I cannot see a network in the Results page
You can see a network in the Results page only if there is at least one candidate disease-causing variant combination predicted with VarCoPP, see for more details the Network navigation section in the Documentation page.
In any case, you can still explore all variant combinations in the Digenic predictions of the Results page.

Why do we see only SOME external proteins in the PPI network?
You see an external protein in the PPI network only if it links two proteins of your selected module with a direct protein-protein interaction. External proteins that are connected with your module proteins with higher degrees of interactions are not shown. You can consult the PPI network exploration section in the Documentation page.

Where can I find the Digenic Effect prediction for a variant combination?
You can see the Digenic Effect prediction of a variant combination on their corresponding Digenic Combination page. You can get directed to this page by clicking on a variant combination either in the Digenic Combinations Overview table or on the S-plot.
Please note that you will only see a Digenic Effect prediction if the variant combination is predicted as pathogenic with VarCoPP.

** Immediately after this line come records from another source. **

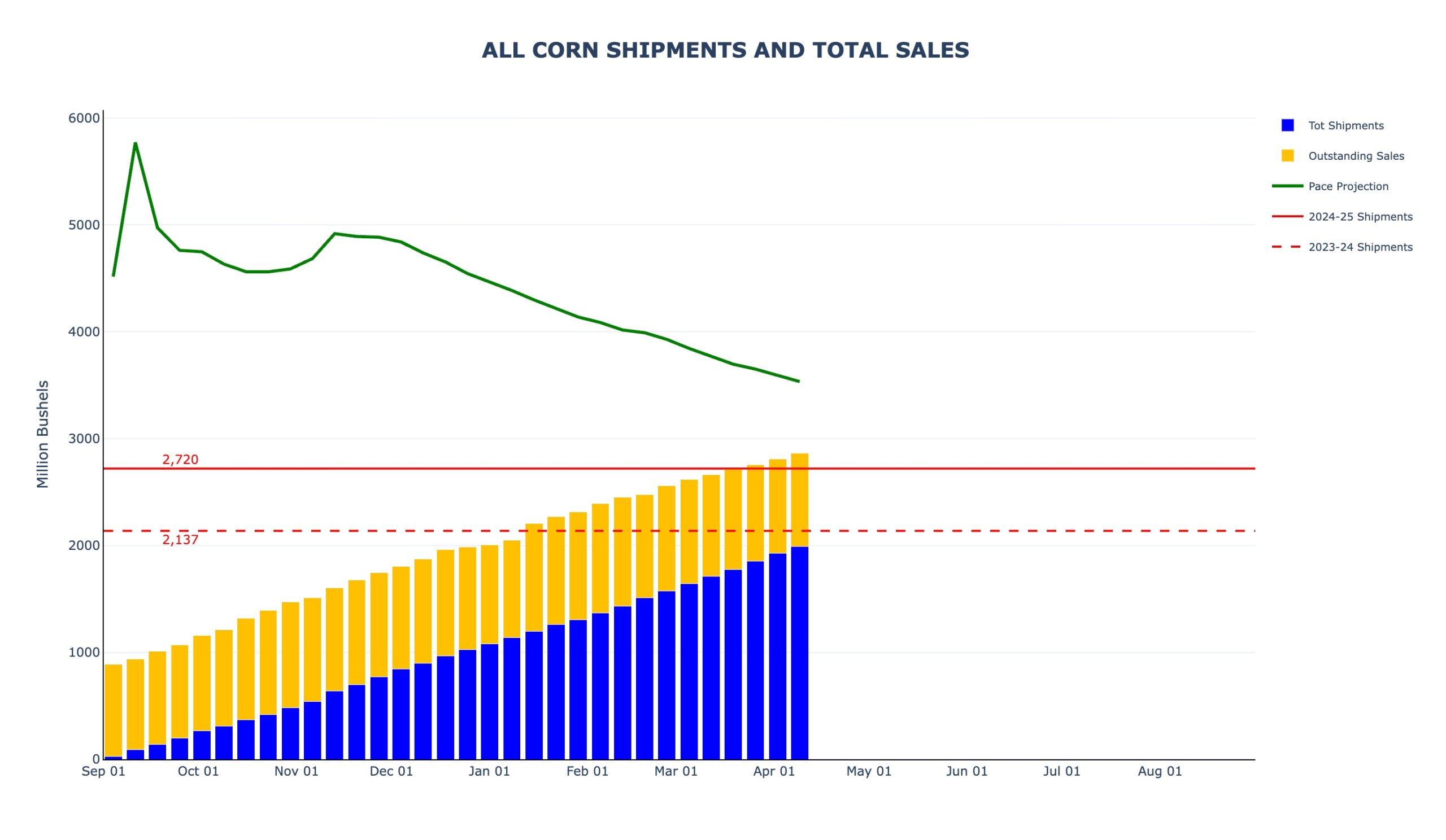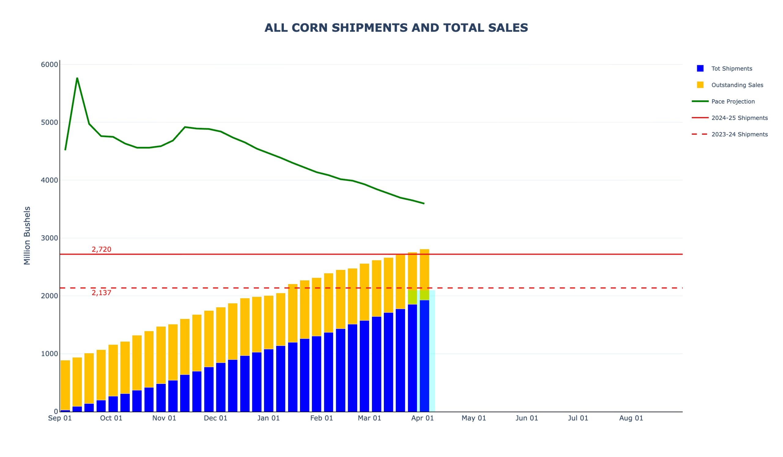 The latest weekly export sales and shipment update showed 2025-2026 marketing year export shipments of U.S. Corn at 1,989 mb (blue column) through Thursday, April 09, a point in the [...]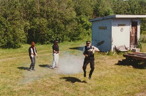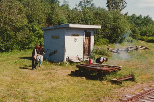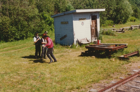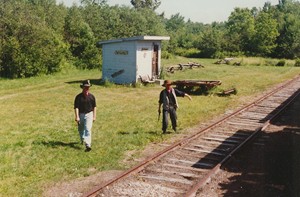 "Robbery" at Waldo in July of 1993 on the Belfast & Moosehead Lake Railroad.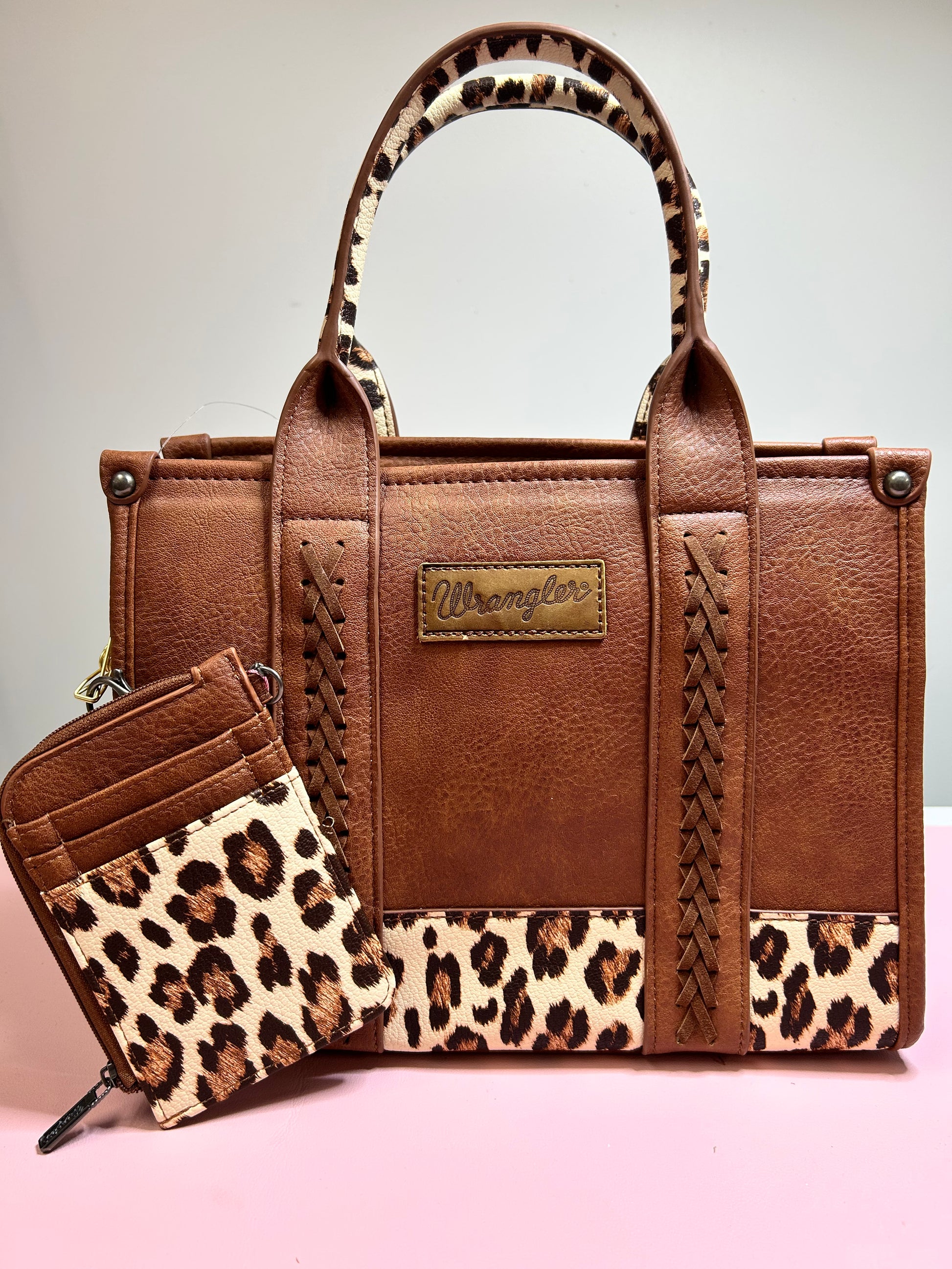 Neutral meets fierce in the Wildway Tote – Spiced Spot. This mid-size tote features soft vegan leather, whipstitch detailing, a structured silhouette, and a bold leopard-print base, handle lining, and adjustable canvas strap. It’s the perfect everyday statement — polished but playful.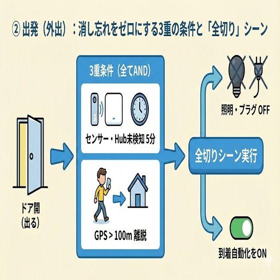 ② 出発(外出):消し忘れをゼロにする3重の条件と「全切り」シーン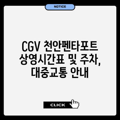 CGV 천안펜타포트 상영시간표 및 주차, 대중교통 안내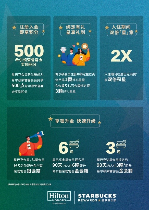 成为联合会员后,参与星巴克双倍积星活动,入住希尔顿期间,所有星巴克门店及线上消费都将获得双倍积星奖励。目前,双方合作范围仅限于中国大陆地区的门店。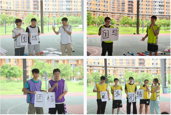 每名队员紧握笔周边的绳子,全神贯注地操控笔尖,于纸上共同勾勒“团结”二字。大家心无旁骛,默契配合,通过精准调控力度与方向,力求在限定时间内,让作品既工整又美观。随着时间缓缓流逝,各组作品渐次成型,展现出不同的风格。最后,每组邀请3名同学,上台对小组作品进行讲解,他们不仅分享了游戏中的心得与体会,还阐述了作品背后的深意,让在场的每一个人都感受到了团结的力量与美好。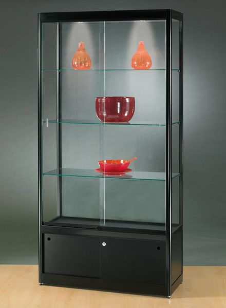 Glasvitrine Standard LED-Beleuchtet mit 2×2 Schiebetüren und Unterschrank 1000(B)x400(T)x2000(H)mm SCHWARZ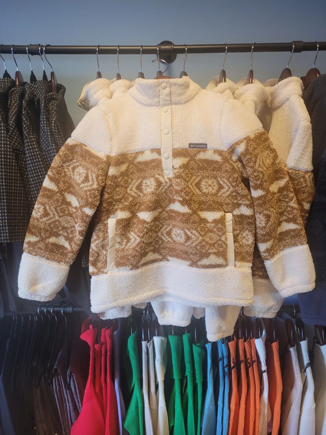 Selling these new Womens Columbia fleece pullovers in cream and brown.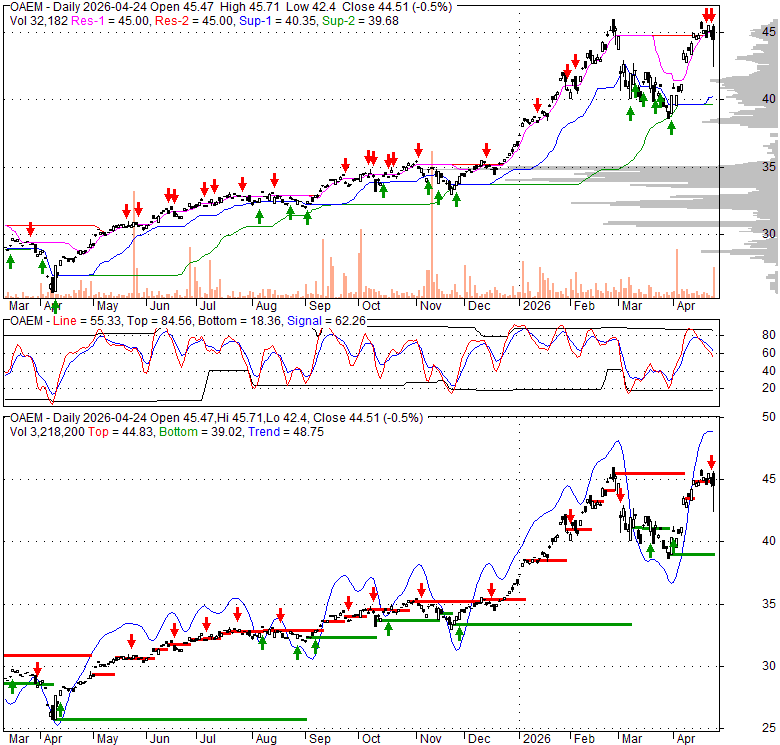 Price has closed below its short-term moving average. Short-term moving average is currently above mid-term; and above long-term moving average. From the relationship between price and moving averages: This stock is NEUTRAL in short-term; and BULLISH in mid-long term.[ OAEM ] has closed below upper band by 41.6%. Bollinger Bands are 33.7% wider than normal. The current width of the bands does not suggest anything about the future direction or movement of prices.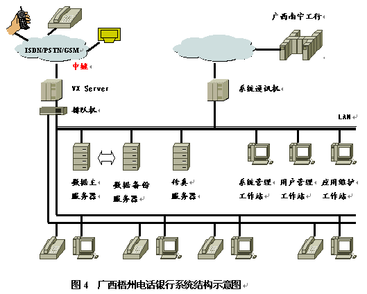 廣西工行推出的第一套銀行呼叫中心系統(tǒng)是在潤(rùn)聲VX綜合信息系統(tǒng)開(kāi)發(fā)平臺(tái)(UNIX版)上,在較短時(shí)間內(nèi)開(kāi)發(fā)成功,首先在梧州分行開(kāi)通運(yùn)行,獲得用戶(hù)的一致好評(píng),并希望與潤(rùn)聲公司進(jìn)一步合作。該系統(tǒng)的結(jié)構(gòu)如圖4所示。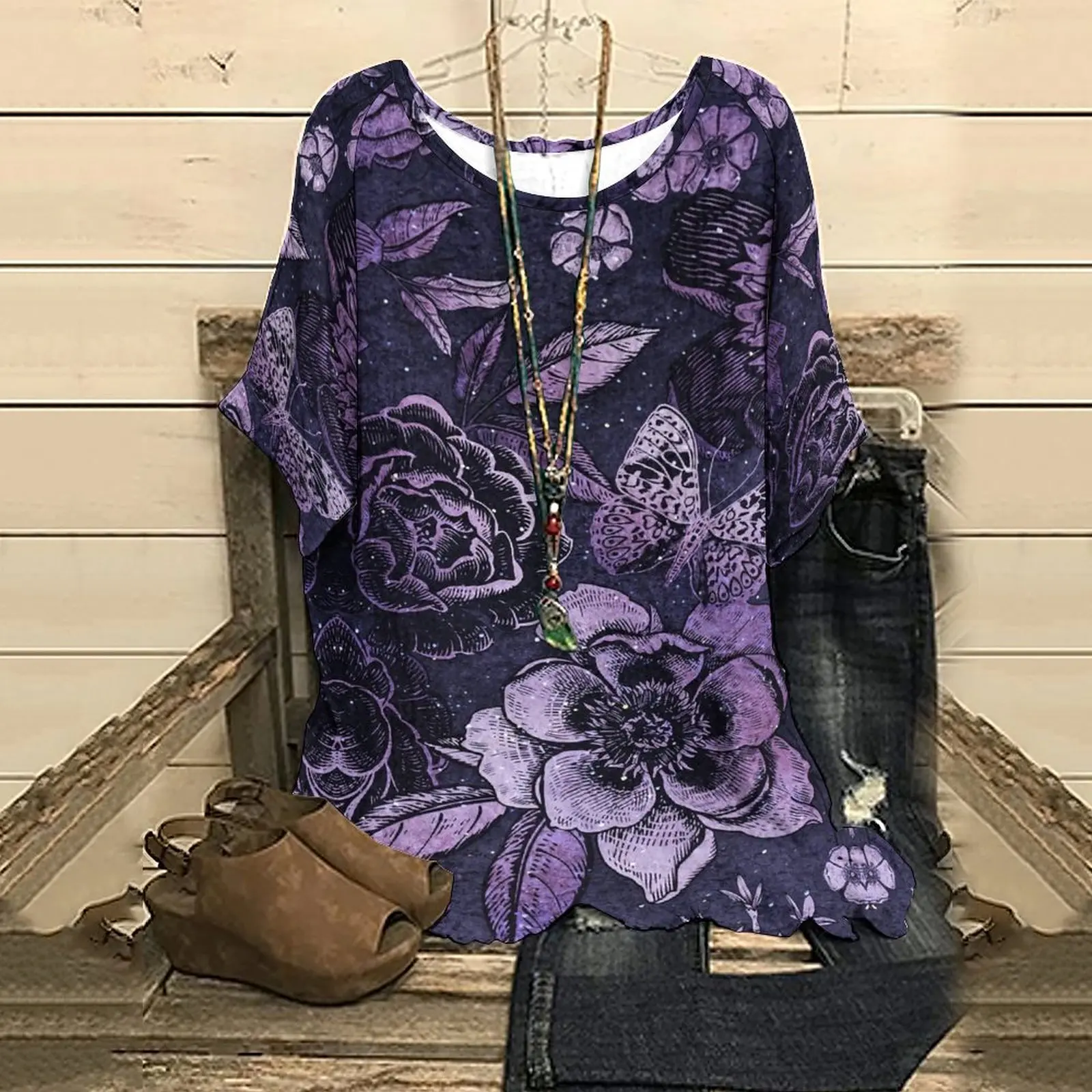 Женская блузка с рукавом до локтя, Элегантная модная летняя футболка с принтом бабочек и цветов, уличная одежда

Do you store any of my data?
We store the results of your data submission for 7 days, so that you can re-access the corresponding Result pages. After this period, all data is deleted.
We do not store email addresses that you may have provided to us during the data submission. However, we track general user traffic information (e.g. IP addresses) for job monitoring purposes (e.g. restricting the number of parallel submissions from the same ID address).
For a detailed explanation of our Data Privacy procedures, you can consult the Data privacy section of the About page.